WORK INSTRUCTIONS:
In your copy, reproduce the entries exactly as they are, minus the images.

[Items from a dataset]

==============================

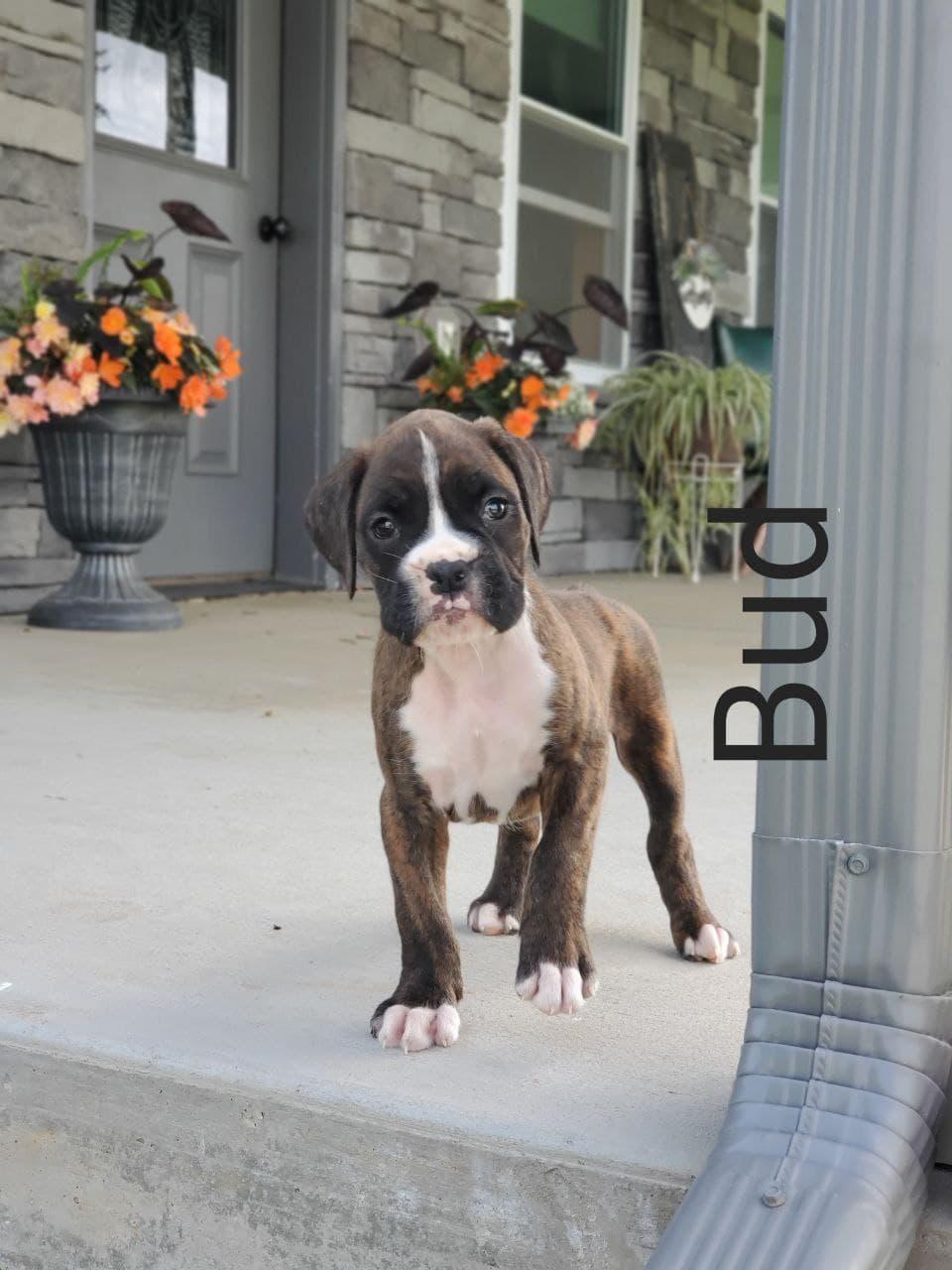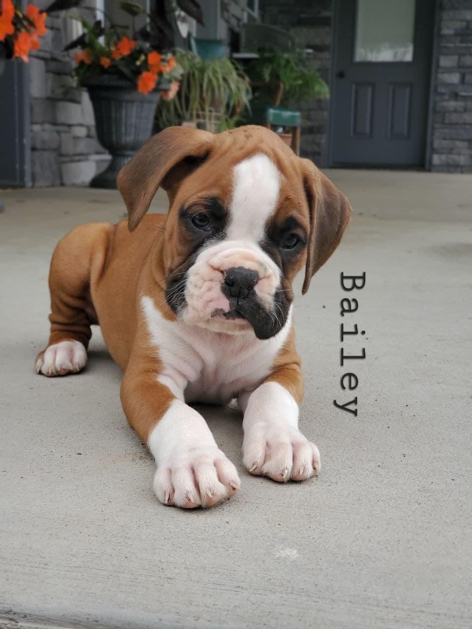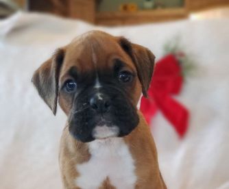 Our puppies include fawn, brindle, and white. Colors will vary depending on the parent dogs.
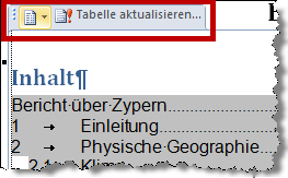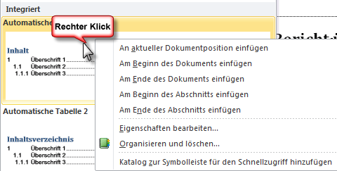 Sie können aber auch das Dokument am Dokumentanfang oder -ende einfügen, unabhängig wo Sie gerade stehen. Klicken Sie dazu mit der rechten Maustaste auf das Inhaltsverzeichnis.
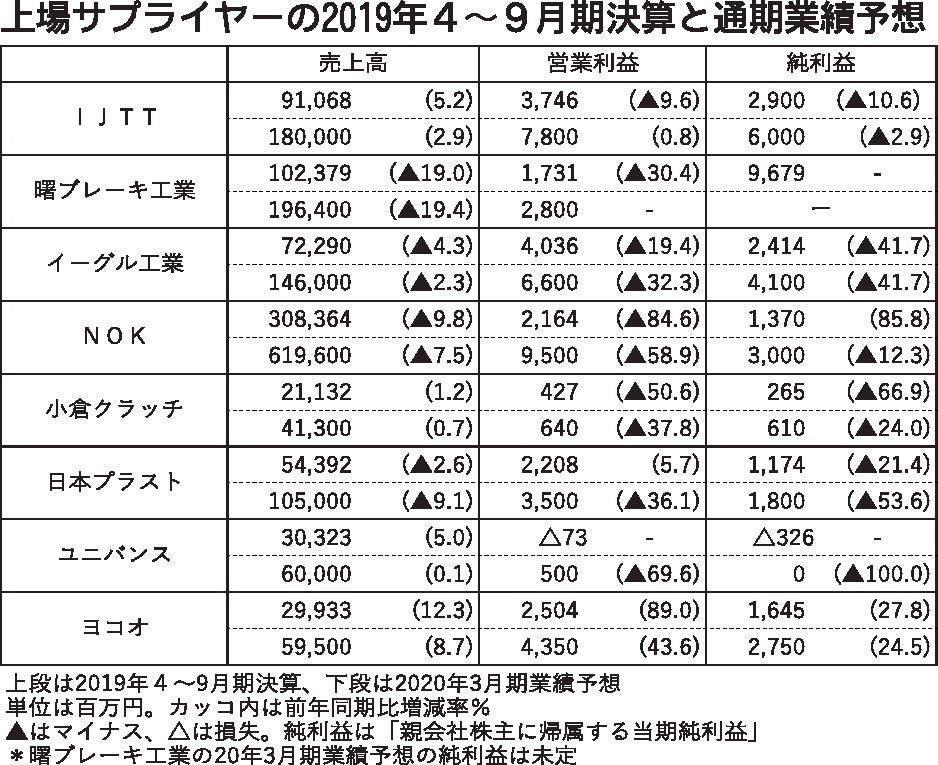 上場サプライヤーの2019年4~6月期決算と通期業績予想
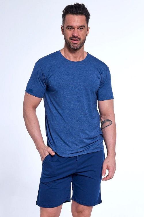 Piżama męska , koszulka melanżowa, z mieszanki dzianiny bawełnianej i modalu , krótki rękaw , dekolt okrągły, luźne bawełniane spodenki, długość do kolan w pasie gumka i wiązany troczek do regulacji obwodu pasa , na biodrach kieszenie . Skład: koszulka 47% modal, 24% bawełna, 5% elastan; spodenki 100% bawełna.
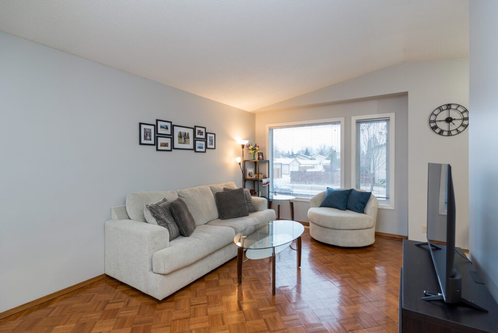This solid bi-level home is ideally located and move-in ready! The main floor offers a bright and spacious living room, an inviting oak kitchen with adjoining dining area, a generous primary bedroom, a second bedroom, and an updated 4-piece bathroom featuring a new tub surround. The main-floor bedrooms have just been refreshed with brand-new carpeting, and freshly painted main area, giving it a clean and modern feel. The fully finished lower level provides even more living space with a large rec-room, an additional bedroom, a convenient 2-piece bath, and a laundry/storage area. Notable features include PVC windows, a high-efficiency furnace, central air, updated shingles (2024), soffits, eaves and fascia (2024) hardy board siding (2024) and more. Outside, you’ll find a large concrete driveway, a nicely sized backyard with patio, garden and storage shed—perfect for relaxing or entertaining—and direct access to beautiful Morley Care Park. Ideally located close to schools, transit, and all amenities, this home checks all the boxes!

==============================

REPLY:
 Our puppies include fawn, brindle, and white. Colors will vary depending on the parent dogs.
 Sie können aber auch das Dokument am Dokumentanfang oder -ende einfügen, unabhängig wo Sie gerade stehen. Klicken Sie dazu mit der rechten Maustaste auf das Inhaltsverzeichnis.
 上場サプライヤーの2019年4~6月期決算と通期業績予想
 Piżama męska , koszulka melanżowa, z mieszanki dzianiny bawełnianej i modalu , krótki rękaw , dekolt okrągły, luźne bawełniane spodenki, długość do kolan w pasie gumka i wiązany troczek do regulacji obwodu pasa , na biodrach kieszenie . Skład: koszulka 47% modal, 24% bawełna, 5% elastan; spodenki 100% bawełna.
This solid bi-level home is ideally located and move-in ready! The main floor offers a bright and spacious living room, an inviting oak kitchen with adjoining dining area, a generous primary bedroom, a second bedroom, and an updated 4-piece bathroom featuring a new tub surround. The main-floor bedrooms have just been refreshed with brand-new carpeting, and freshly painted main area, giving it a clean and modern feel. The fully finished lower level provides even more living space with a large rec-room, an additional bedroom, a convenient 2-piece bath, and a laundry/storage area. Notable features include PVC windows, a high-efficiency furnace, central air, updated shingles (2024), soffits, eaves and fascia (2024) hardy board siding (2024) and more. Outside, you’ll find a large concrete driveway, a nicely sized backyard with patio, garden and storage shed—perfect for relaxing or entertaining—and direct access to beautiful Morley Care Park. Ideally located close to schools, transit, and all amenities, this home checks all the boxes!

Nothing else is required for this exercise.